Faktanya, waktu analisis ini secara langsung sebanding dengan metode satu dimensi lainnya
yang bertujuan untuk pemisahan senyawa fenolik yang berbeda dalam apel yang memberikan
daya dan informasi pemisahan yang jauh lebih sedikit.

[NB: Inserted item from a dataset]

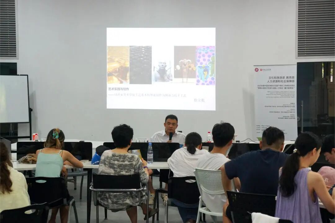 在交流环节,学员们踊跃提问,徐立乾老师结合具体事例详细作答,分享了创作中材料运用与观念表达的实践心得,鼓励学员们关注社会现实与文化传承,在创作中融入问题意识,实现传统与当代的有机结合。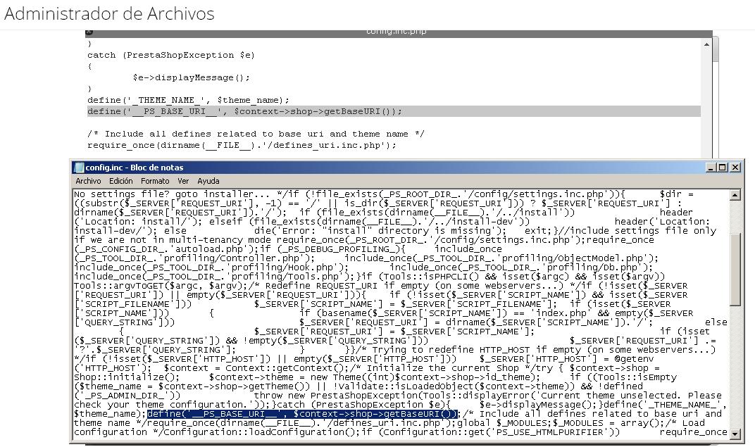 jcdli Posted September 18, 2014 Author Share Posted September 18, 2014 (edited) Aqui pantallazo de ambos archivos, el que menciona el error al abrir ahora mi página de administración Notice: Constant __PS_BASE_URI__ already defined in /home/u654588250/public_html/config/config.inc.php on line 107 seleccionado tanto en local como en remoto. Parece que pone exactamente lo mismo. Lo que no sé qué habría que cambiar, si hay que cambiar algo, claro. Una pregunta: Este error tendrá algo que ver con lo de la multitienda? Tal y como está ahora el backoffice, he intentado acceder a esta sección, y deshabilitar la multitienda (creo recordar que la tenía activada en localhost) y no acepta el cambio. Además, al despelgar las tiendas aparaece: 1. Default 2. daler-rowney-online 3. daler-rowney-online Edited September 18, 2014 by jcdli (see edit history) Link to comment Share on other sites More sharing options...

Selain itu, metodologi HILIC × RP
yang dioptimalkan memungkinkan pemisahan oligomer procyanidin dalam dimensi pertama
menurut DP mereka, dan diferensiasi selanjutnya menggunakan dimensi kedua, seperti yang
dapat dilihat dengan jelas pada Gambar 5.

4. Kesimpulan

Dalam karya ini, profil fenolik varietas apel yang berbeda menggunakan LC dua dimensi
yang komprehensif ditunjukkan untuk pertama kalinya. Metode yang dikembangkan,
berdasarkan kopling HILIC × RP-DAD-MS / MS mampu memberikan plot 2D dari setiap
sampel dalam waktu kurang dari 50 menit, memungkinkan identifikasi tentatif ca. 65
senyawa pada setiap sampel yang diteliti, termasuk oligomer flavan-3-ol hingga DP = 8,
dihydrochalcone, flavonol dan asam fenolik. Dengan mendapatkan profil 2D ini,
perbandingan visual yang cepat memungkinkan untuk membedakan antara kelas senyawa
fenolik yang berbeda dalam satu kali, tergantung pada zona elusi dari bidang 2D di mana
mereka muncul. Di antara sampel yang diteliti, Reinette dan Granny Smith adalah kultivar
terkaya dalam hal total senyawa fenolik dan procyanidin. Dengan demikian, penerapan 2D
LC untuk profiling sampel makanan kompleks telah dibuktikan, membuka kemungkinan baru
untuk penerapan prosedur berdasarkan teknik ini untuk studi terkait target lainnya dan studi
terkait metabolomik non-target.

Ucapan Terima Kasih

M.H. ingin mengucapkan terima kasih kepada MICINN untuk kontrak penelitian "Ramón y
Cajal" nya. Para penulis ingin mengucapkan terima kasih kepada Proyek AGL2011-29857-
C03-01 dan LAPORAN INGENIO 2010 CSD2007-00063 FUN-C-FOOD (Ministerio de
Educación y Ciencia) atas dukungan keuangan.